1001 pages read as of about 10:00 last night; as I’m typing this I’m just over a quarter of the way through the second book. Goal is to have that done by Sunday night, and then a couple of days for the first novella, and then I’m back to Oathbringer, which I haven’t finished yet.
This was my third read-through of The Way of Kings; I last read it when Words of Radiance came out in 2014. I had genuinely forgotten how good of a book it is; Sanderson gets lots of credit for his magic systems but the worldbuilding throughout this book is just superb, and the characters are some of my favorites in his canon. The Way of Kings does a tremendous job of lining up its mysteries; some things are absolutely not going to be explained in the first book, but just enough is revealed that you don’t feel like the whole book is a pointless mystery box. The book feels carefully planned in a way that first books of series often don’t, and that’s a hard thing to pull off.

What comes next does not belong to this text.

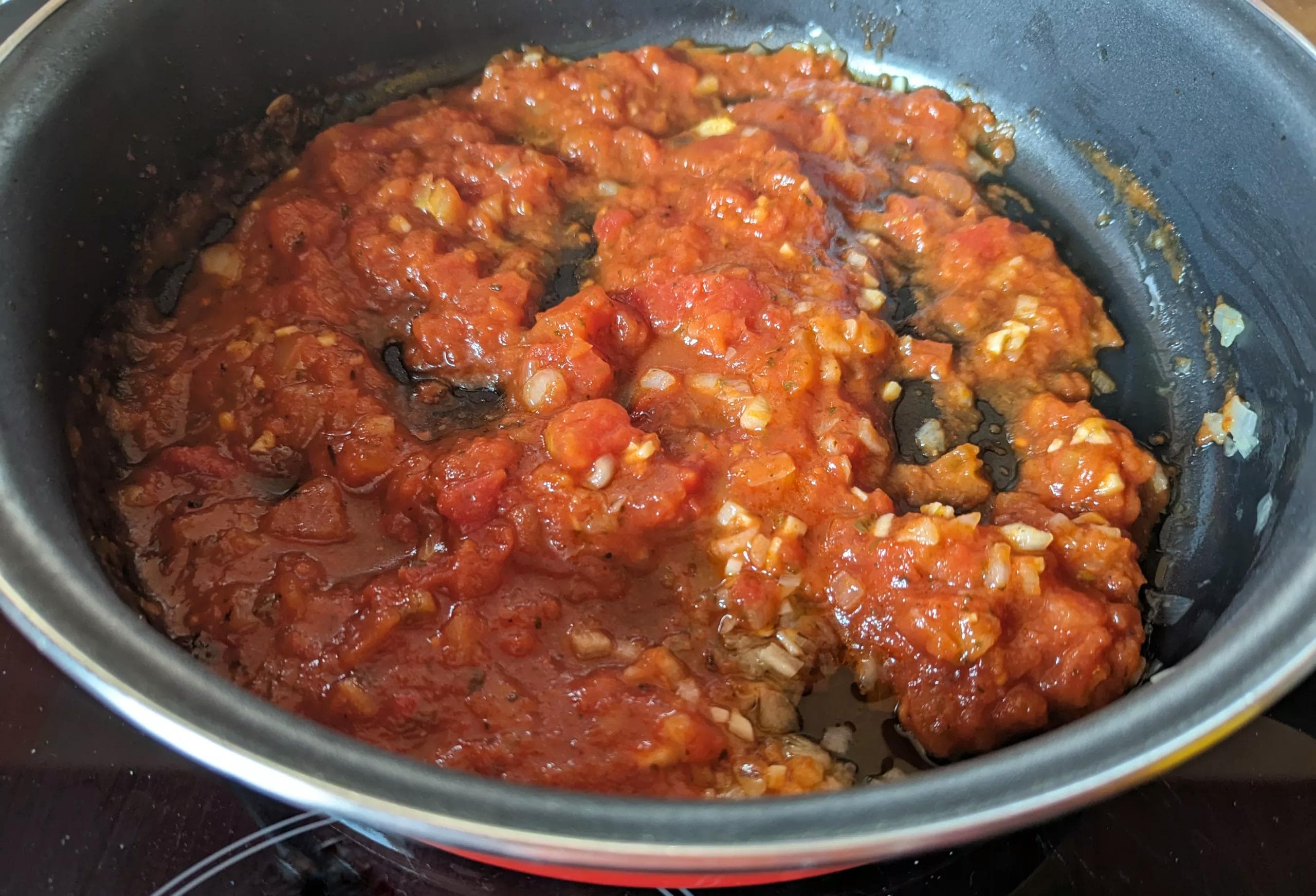 - Ensuite, rajouter la chair de tomates et mélanger le tout avec une spatule en bois.

I remain concerned about the Parshendi as an element of the series; it didn’t really sink in that the series felt like the “good guys” were the wrong side until Oathbringer came out, and that was definitely a major contributing factor to me abandoning it. The whole book just feels way too comfortable with “Hey, this entire species is our slaves, except for the ones we’re massacring, and those are constantly referred to as savages and monsters” for me, and I know full well it’s going to get worse. The thing is, in the years since Oathbringer I’ve literally never heard anyone make that criticism other than me, and it’s not like I have some sort of special insight. Like, people figured out that slavery was bad in the Harry Potter books, so … either they just didn’t apply that level of analysis to this book or maybe it gets resolved after I stopped reading. We’ll see, I guess.